▶ Data records
BEGIN

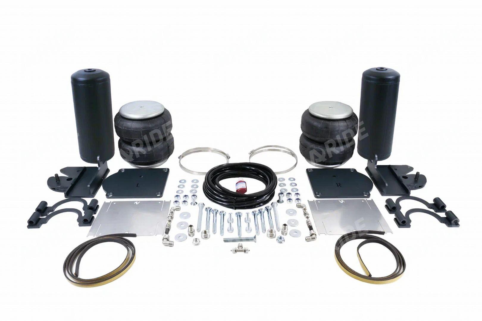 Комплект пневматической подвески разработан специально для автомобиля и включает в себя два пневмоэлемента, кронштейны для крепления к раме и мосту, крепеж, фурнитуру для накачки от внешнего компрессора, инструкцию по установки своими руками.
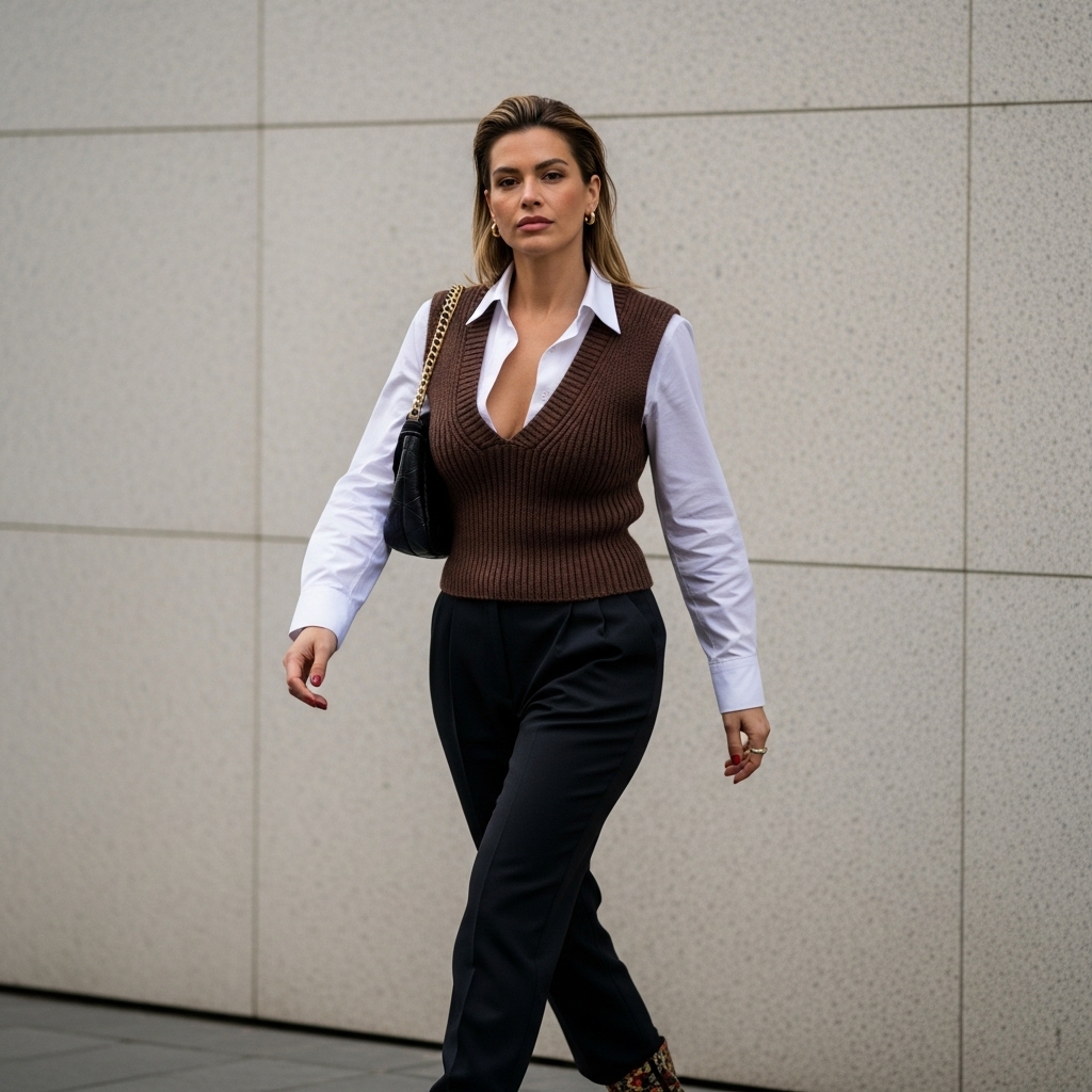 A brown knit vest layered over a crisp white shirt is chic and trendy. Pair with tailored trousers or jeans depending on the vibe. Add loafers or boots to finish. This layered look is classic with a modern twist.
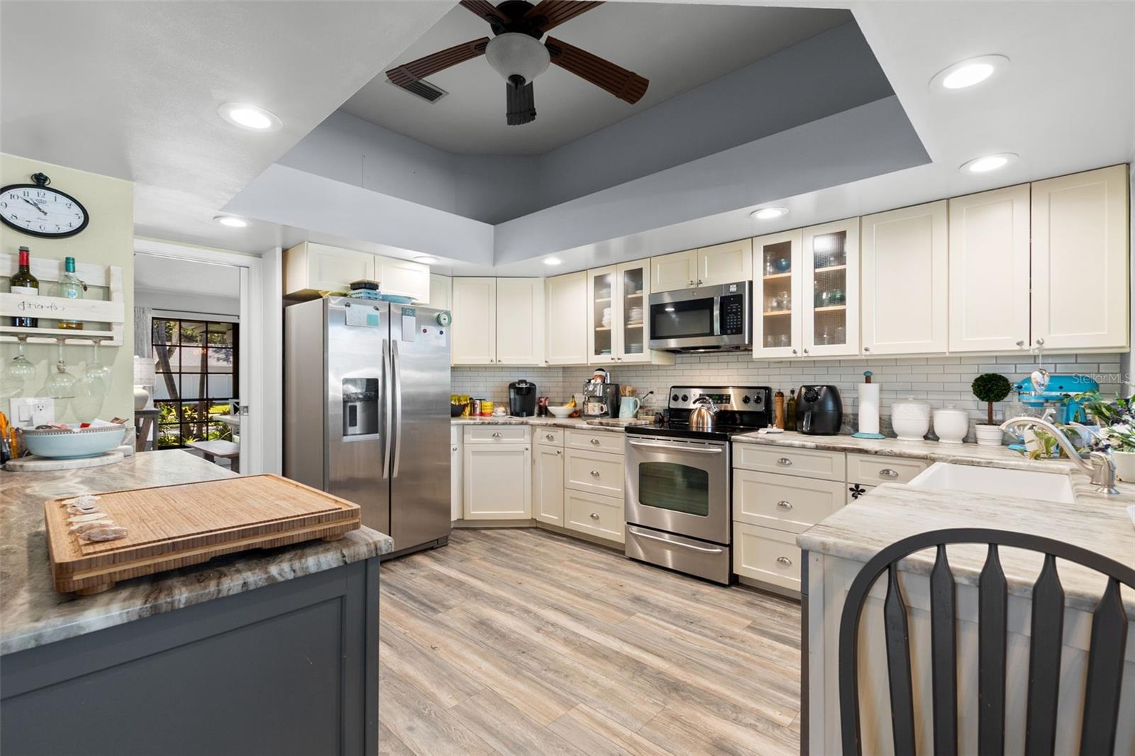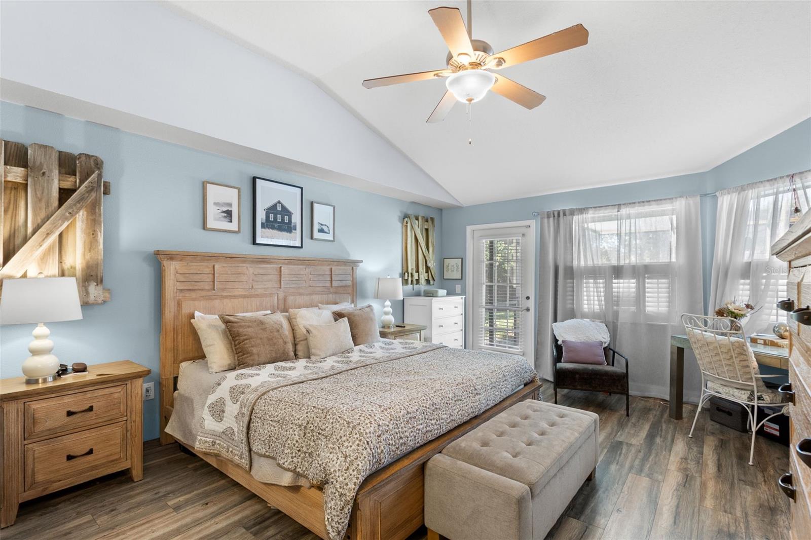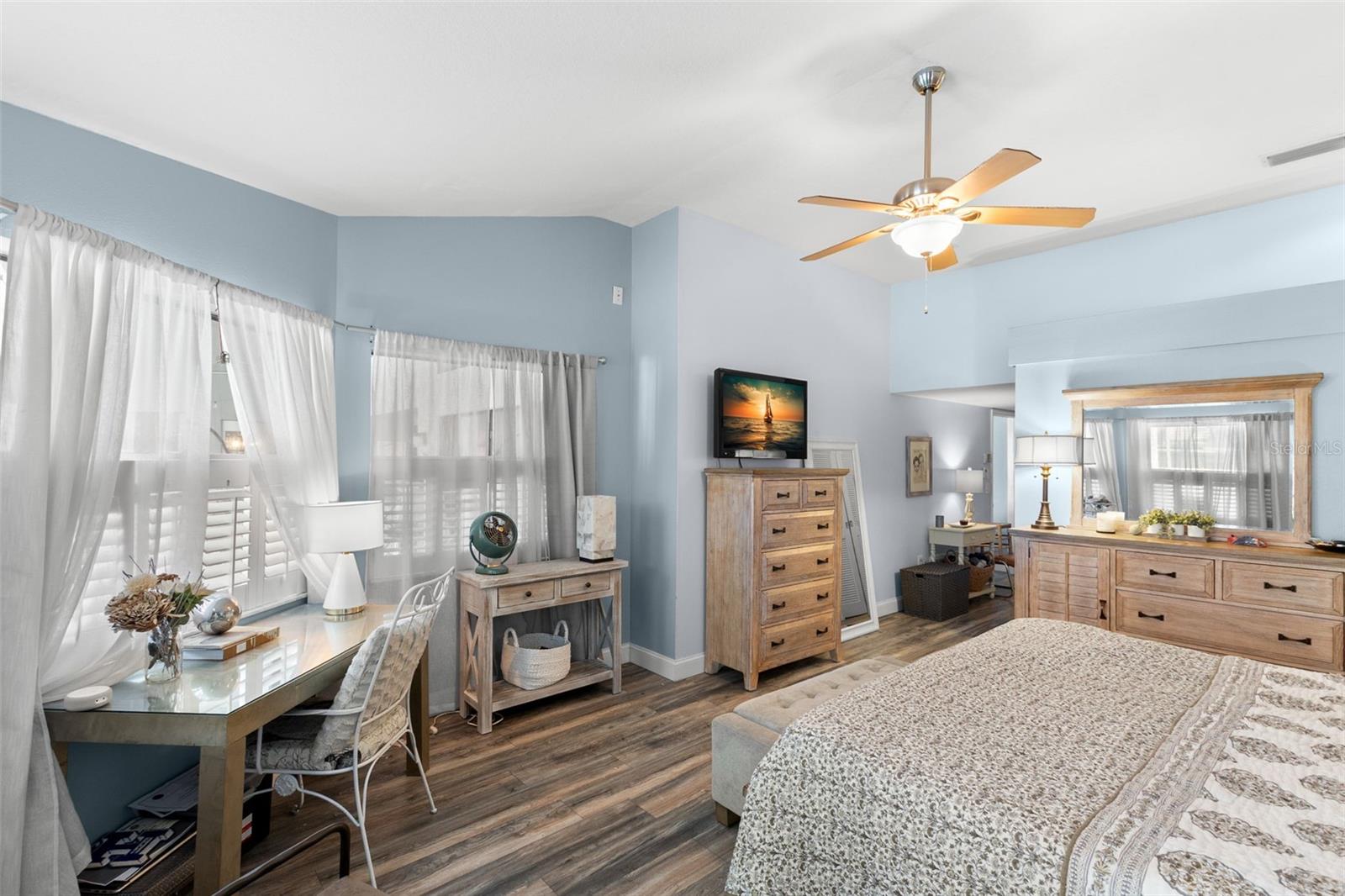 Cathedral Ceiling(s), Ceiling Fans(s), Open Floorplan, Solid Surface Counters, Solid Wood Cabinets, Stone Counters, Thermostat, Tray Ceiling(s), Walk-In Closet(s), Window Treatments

END
BEGIN

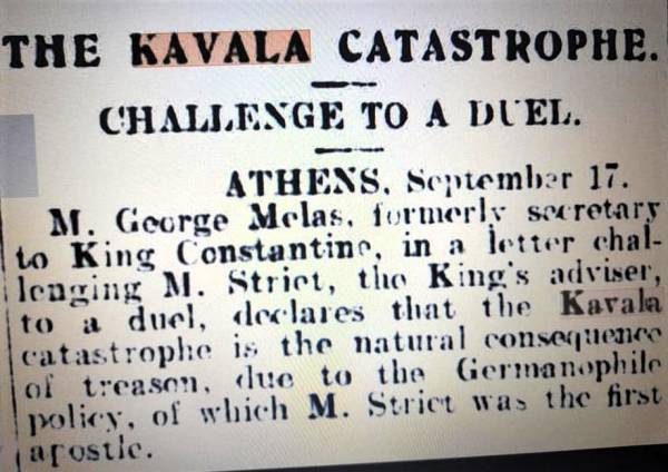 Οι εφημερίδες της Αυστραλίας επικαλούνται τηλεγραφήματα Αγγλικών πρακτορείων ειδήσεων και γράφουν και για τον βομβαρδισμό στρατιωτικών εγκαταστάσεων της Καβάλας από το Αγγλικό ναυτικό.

END

▶ Task statement
Above are records; write out the lines from the one with "Комплект пневматической подвески" down to the one with "Cathedral Ceiling(s), Ceiling", exactly, leaving the pictures out.

▶ Worked solution
 Комплект пневматической подвески разработан специально для автомобиля и включает в себя два пневмоэлемента, кронштейны для крепления к раме и мосту, крепеж, фурнитуру для накачки от внешнего компрессора, инструкцию по установки своими руками.
 A brown knit vest layered over a crisp white shirt is chic and trendy. Pair with tailored trousers or jeans depending on the vibe. Add loafers or boots to finish. This layered look is classic with a modern twist.
 Cathedral Ceiling(s), Ceiling Fans(s), Open Floorplan, Solid Surface Counters, Solid Wood Cabinets, Stone Counters, Thermostat, Tray Ceiling(s), Walk-In Closet(s), Window Treatments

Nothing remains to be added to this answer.